V1: Add insertRecord and insertNewRecord (example names). Deprecate insert. Suggest using insertRecord as direct replacement, or insertNew V2: Undeprecate insert, make insert = insertNewRecord

But I think given that for most cases existing code will just work, I'd be in favor of a straight breaking change

tysonzero commented 4 years ago

I would love to see this feature implemented.

However I think it's important for this to effectively replace Entity, as once I have New User it doesn't make much sense to me why User wouldn't have an id field.

Currently we only deal with User for initial insertion, as after that we often need the id. We also never use Entity User, due to the unwrapping noise. Instead we use Esqueleto to grab the individual fields, and put them in a custom local type that includes all the fields we need.

Keeping around Entity for a while for backwards compatibility seems reasonable. However I have to say it is my least favorite part of persistent. It leads to a significant amount of verbosity and also means that there are two versions of basically every function.

parsonsmatt commented 4 years ago

I think that we can keep Entity, but it'll be replaced by:

newtype Entity record = Entity { entityVal :: record }

entityKey :: (PersistEntity record) => Entity record -> Key record

It is still useful as an instance hanger (as @hdgarrood mentioned), and this should be backwards compatible with most uses of it.

ocharles commented 4 years ago

In your description you outline two options, but that's not exhaustive. A third option is that when you're inserting you should be providing SQL expressions, not Haskell values. When you do that, you can insert a User as a full record, with no need to generate timestamps in Haskell:

insert User { userCreatedAt = nowExpr }

This is like writing INSERT INTO user(createdAt) VALUES (now()).

I'm not sure this fits in with the design of persistent though, but thought it should be mentioned.

My other thoughts are that having Nothing mean default is gross, as you write in:

The database defaulting mechanism works out here, hooray. But now we have to care about Maybe at every use site!
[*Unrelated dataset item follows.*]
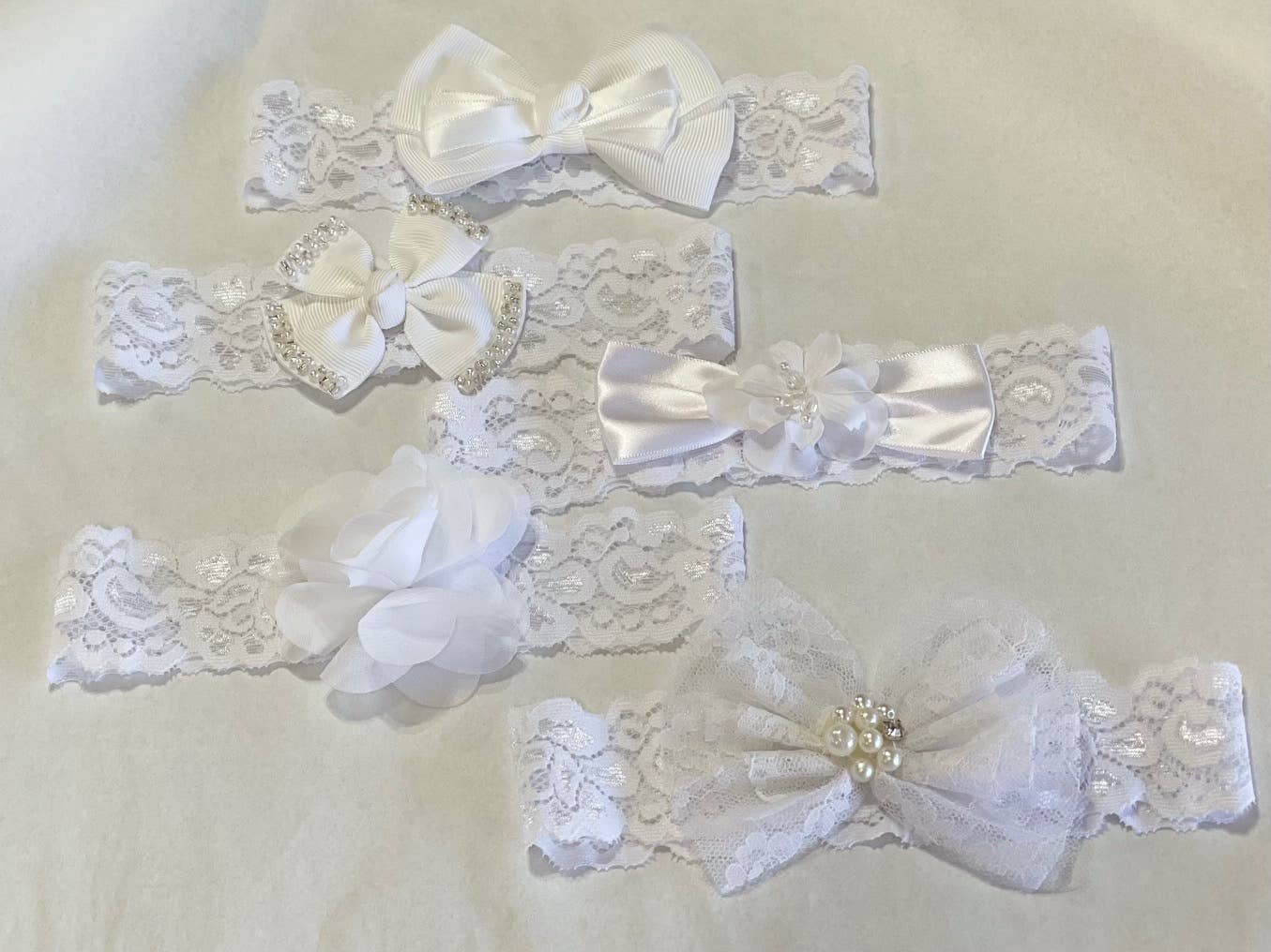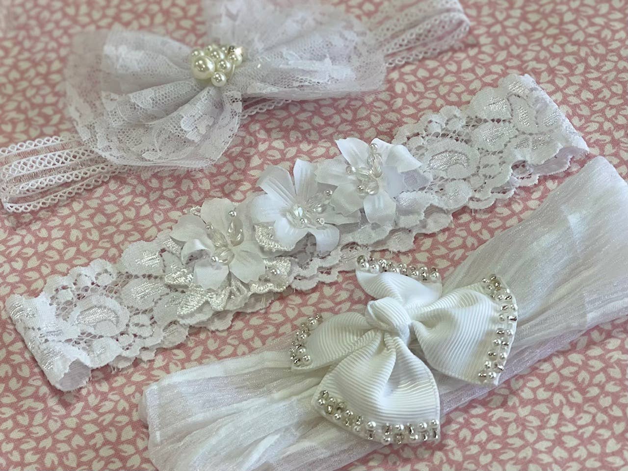White stretch lace baby headband with silk flowers and a soft embroidered organza bow. Perfect for Baptisms, Christenings, or any special occasion. Made in USA.

Gross.

But I only think it's Maybe that is gross here, an intentional type for defaults would be clearer:

insert User { userCreatedAt = Default }

With that, I'd probably look at having some kind of "create default with essential data function":

defaultUser :: NonDefaultFields -> User

I should clarify that I'm not a persistent user, so please don't put too much weight into my comments. I just like API design :sweat_smile:

retnuh commented 4 years ago

I'm also not a persistent user currently, but am curious to see how this evolves. I'm just wondering how this interacts with upserts?

tysonzero commented 4 years ago

In your description you outline two options, but that's not exhaustive. A third option is that when you're inserting you should be providing SQL expressions, not Haskell values.

This is probably more in scope for a library like Esqueleto. But yes in my personal use case, the most ideal situation would be an API pretty much identical to what PostgreSQL gives me for these tables.

But I only think it's Maybe that is gross here, an intentional type for defaults would be clearer:

Yeah I'd agree with that. Perhaps instead of using Maybe for either default or null we could use a GADT that handles both cases. Particularly since Maybe and null don't really work the same way, only the former can be nested.

data Insert n d a where
    Null :: Insert Nullable d
    Default :: Insert n Defaultable
    Explicit :: a -> Insert n d

With that, I'd probably look at having some kind of "create default with essential data function":

defaultUser :: NonDefaultFields -> User

I wish Haskell had better structural typing support in general such as { foo = bar } desugaring directly to an anonymous record.

As it stands I don't see a way to make this overly clean:

insert User { foo = 5, bar = Explicit 7, baz = Default }
-- vs
insert (defaultUser NonDefaultFields { foo = 5 }) { bar = Explicit 7 }

The latter scales better when you have lots of default fields, but it's still kinda ugly.

Something like:

insert $ User { foo = 5, bar = Explicit 7 }

Would be much nicer but would require proper first class anonymous record support.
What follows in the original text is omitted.